> Task statement: Given the material below, return only the lines starting at the line with "Marrakech Insiders operates" and ending at the line with "户型四套间设计,配备工人房,主佣分区,竖", exactly as they appear.

> Records for the task:
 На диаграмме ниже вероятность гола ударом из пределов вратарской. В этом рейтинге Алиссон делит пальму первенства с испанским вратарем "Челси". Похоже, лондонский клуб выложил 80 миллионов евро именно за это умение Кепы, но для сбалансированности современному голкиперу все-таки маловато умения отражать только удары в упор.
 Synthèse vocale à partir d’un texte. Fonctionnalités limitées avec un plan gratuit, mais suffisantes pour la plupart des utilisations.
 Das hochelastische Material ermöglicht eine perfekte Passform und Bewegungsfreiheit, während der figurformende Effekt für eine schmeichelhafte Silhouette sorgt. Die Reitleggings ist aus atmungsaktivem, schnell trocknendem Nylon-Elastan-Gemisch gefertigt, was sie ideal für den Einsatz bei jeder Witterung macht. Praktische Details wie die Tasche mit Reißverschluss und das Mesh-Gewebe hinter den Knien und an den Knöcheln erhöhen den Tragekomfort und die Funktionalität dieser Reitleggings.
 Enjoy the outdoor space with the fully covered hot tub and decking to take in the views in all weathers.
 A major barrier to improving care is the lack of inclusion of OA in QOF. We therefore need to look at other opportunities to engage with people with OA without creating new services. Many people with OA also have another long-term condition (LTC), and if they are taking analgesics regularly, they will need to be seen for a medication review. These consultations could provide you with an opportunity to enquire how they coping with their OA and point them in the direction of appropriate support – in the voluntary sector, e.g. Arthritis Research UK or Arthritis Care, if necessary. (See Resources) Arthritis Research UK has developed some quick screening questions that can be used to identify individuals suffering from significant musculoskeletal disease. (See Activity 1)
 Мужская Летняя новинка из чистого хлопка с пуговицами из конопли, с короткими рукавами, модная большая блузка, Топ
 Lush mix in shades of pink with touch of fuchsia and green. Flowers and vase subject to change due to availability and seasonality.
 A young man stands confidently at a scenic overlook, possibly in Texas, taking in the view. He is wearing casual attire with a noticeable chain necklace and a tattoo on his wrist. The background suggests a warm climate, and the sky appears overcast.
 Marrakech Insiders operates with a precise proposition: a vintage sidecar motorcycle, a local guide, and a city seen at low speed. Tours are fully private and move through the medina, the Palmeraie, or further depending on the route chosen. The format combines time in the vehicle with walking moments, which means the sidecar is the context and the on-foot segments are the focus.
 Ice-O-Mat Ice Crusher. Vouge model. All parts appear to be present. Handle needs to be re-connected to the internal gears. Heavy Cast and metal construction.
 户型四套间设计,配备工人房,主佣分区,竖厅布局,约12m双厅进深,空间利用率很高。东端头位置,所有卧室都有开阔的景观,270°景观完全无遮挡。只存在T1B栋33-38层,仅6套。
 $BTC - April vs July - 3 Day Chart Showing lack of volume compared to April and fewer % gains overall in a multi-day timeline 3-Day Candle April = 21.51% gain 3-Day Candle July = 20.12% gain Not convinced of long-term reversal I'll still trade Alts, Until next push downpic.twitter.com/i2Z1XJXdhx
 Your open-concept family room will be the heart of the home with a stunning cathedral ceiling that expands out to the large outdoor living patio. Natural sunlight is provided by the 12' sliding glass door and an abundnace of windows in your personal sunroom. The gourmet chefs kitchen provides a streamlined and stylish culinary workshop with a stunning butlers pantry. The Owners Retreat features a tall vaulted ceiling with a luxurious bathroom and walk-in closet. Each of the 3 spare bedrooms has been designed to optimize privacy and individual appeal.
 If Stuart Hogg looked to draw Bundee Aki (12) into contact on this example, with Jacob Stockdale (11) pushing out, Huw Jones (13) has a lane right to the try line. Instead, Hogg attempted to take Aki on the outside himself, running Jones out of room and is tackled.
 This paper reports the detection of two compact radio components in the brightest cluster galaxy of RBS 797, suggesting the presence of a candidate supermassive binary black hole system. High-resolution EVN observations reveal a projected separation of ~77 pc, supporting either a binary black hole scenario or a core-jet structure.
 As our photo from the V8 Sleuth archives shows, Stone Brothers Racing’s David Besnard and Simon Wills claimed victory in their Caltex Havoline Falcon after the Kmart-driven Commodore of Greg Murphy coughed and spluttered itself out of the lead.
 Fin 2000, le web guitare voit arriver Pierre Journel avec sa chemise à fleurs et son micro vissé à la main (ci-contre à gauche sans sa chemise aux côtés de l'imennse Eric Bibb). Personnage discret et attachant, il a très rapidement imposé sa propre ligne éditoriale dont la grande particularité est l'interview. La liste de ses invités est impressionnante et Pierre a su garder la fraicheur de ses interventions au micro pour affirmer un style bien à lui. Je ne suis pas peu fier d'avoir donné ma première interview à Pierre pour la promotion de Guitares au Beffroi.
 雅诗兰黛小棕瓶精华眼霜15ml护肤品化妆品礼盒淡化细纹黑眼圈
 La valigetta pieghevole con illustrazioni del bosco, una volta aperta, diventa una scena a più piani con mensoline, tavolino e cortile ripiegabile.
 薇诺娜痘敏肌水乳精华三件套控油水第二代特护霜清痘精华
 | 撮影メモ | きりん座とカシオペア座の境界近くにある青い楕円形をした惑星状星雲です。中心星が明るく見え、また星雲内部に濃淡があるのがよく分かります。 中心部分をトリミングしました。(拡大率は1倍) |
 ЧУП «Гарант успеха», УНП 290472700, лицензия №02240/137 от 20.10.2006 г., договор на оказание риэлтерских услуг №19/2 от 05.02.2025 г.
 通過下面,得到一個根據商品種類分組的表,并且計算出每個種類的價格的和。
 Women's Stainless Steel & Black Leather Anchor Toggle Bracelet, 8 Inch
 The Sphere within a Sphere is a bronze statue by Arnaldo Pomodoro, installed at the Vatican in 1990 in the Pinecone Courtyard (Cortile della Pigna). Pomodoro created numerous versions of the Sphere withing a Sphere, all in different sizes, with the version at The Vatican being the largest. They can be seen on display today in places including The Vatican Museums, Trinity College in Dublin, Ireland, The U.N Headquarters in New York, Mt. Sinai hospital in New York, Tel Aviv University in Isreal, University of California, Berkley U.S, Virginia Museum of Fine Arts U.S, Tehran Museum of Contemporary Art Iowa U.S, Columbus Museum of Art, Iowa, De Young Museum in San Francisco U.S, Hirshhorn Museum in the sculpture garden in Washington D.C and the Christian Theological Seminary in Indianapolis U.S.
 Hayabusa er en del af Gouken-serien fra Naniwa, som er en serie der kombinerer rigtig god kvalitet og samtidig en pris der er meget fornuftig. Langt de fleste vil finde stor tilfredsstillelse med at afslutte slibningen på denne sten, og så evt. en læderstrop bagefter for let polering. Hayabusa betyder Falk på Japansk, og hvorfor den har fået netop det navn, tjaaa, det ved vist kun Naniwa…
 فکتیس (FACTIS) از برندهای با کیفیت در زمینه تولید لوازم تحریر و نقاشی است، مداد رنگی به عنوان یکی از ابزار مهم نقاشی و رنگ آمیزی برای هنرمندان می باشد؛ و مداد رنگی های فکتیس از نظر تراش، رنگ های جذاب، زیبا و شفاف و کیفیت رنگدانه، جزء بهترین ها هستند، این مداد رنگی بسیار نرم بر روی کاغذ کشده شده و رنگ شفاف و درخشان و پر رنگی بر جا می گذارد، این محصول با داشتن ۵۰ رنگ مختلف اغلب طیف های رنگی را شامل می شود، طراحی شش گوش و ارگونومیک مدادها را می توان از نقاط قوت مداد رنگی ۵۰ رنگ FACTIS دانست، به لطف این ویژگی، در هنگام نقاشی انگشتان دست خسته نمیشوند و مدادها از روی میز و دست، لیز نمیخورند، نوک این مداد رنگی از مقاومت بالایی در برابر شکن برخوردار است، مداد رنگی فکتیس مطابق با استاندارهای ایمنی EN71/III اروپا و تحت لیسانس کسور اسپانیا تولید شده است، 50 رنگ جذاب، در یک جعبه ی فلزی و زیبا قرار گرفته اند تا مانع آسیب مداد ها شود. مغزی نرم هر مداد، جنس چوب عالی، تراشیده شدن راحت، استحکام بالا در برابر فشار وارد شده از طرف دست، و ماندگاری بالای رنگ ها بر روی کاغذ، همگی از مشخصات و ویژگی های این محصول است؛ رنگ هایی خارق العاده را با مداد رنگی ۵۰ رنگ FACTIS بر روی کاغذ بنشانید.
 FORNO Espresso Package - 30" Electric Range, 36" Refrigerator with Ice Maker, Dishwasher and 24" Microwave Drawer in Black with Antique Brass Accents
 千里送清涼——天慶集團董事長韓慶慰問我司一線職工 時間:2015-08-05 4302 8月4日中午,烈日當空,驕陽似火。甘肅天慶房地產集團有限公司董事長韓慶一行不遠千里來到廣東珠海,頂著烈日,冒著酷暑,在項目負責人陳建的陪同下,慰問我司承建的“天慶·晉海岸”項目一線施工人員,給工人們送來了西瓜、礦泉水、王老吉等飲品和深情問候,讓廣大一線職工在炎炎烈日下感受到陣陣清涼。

> Answer:
 Marrakech Insiders operates with a precise proposition: a vintage sidecar motorcycle, a local guide, and a city seen at low speed. Tours are fully private and move through the medina, the Palmeraie, or further depending on the route chosen. The format combines time in the vehicle with walking moments, which means the sidecar is the context and the on-foot segments are the focus.
 Ice-O-Mat Ice Crusher. Vouge model. All parts appear to be present. Handle needs to be re-connected to the internal gears. Heavy Cast and metal construction.
 户型四套间设计,配备工人房,主佣分区,竖厅布局,约12m双厅进深,空间利用率很高。东端头位置,所有卧室都有开阔的景观,270°景观完全无遮挡。只存在T1B栋33-38层,仅6套。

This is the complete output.